Supplied information:
>>>

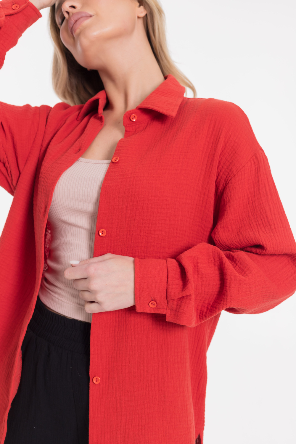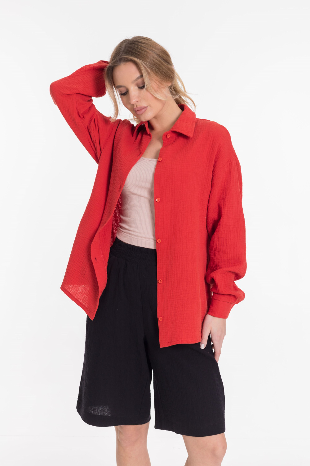 Женская рубашка — отличный выбор для повседневной носки. Она изготовлена из мягкого, лёгкого натурального материала — муслина. Рубашка имеет длинный спущенный рукав и застёжку на пуговицы. Воротник на отрезной стойке придаёт модели элегантность. В боковых швах есть небольшие разрезы, которые добавляют изюминку в дизайн. Такая однотонная рубашка идеально подойдёт для прогулок, отдыха или неформальных мероприятий. Она выполнена из качественного материала, который хорошо пропускает воздух и обеспечивает хорошую вентиляцию.
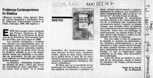 Problemas contemporáneos en bioética [artículo] Pedro de la Noi B.
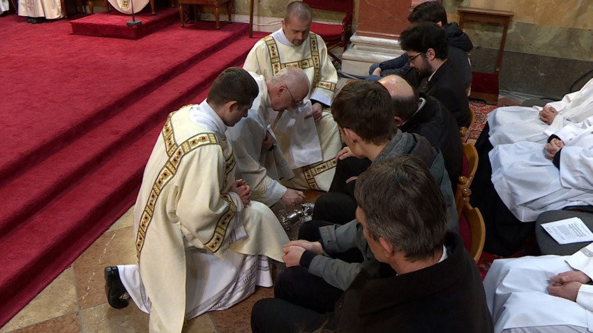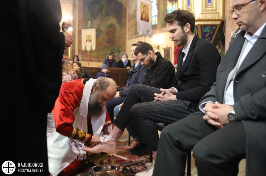 A koronavírus-járvány miatt az elmúlt két évben a lábmosás szertartása nélkül végezték a nagycsütörtöki Szent Liturgiát templomainkban. Idén az Attila téri főszékesegyházban Kocsis Fülöp metropolita, ahogyan azt egykor Jézus is tette, megmosta tizenkét férfi lábát.

<<<

Activity: Lines before the one containing "Problemas contemporáneos en" are not wanted; repeat that line and the rest of the listing exactly, leaving out pictures.

Task result:
 Problemas contemporáneos en bioética [artículo] Pedro de la Noi B.
 A koronavírus-járvány miatt az elmúlt két évben a lábmosás szertartása nélkül végezték a nagycsütörtöki Szent Liturgiát templomainkban. Idén az Attila téri főszékesegyházban Kocsis Fülöp metropolita, ahogyan azt egykor Jézus is tette, megmosta tizenkét férfi lábát.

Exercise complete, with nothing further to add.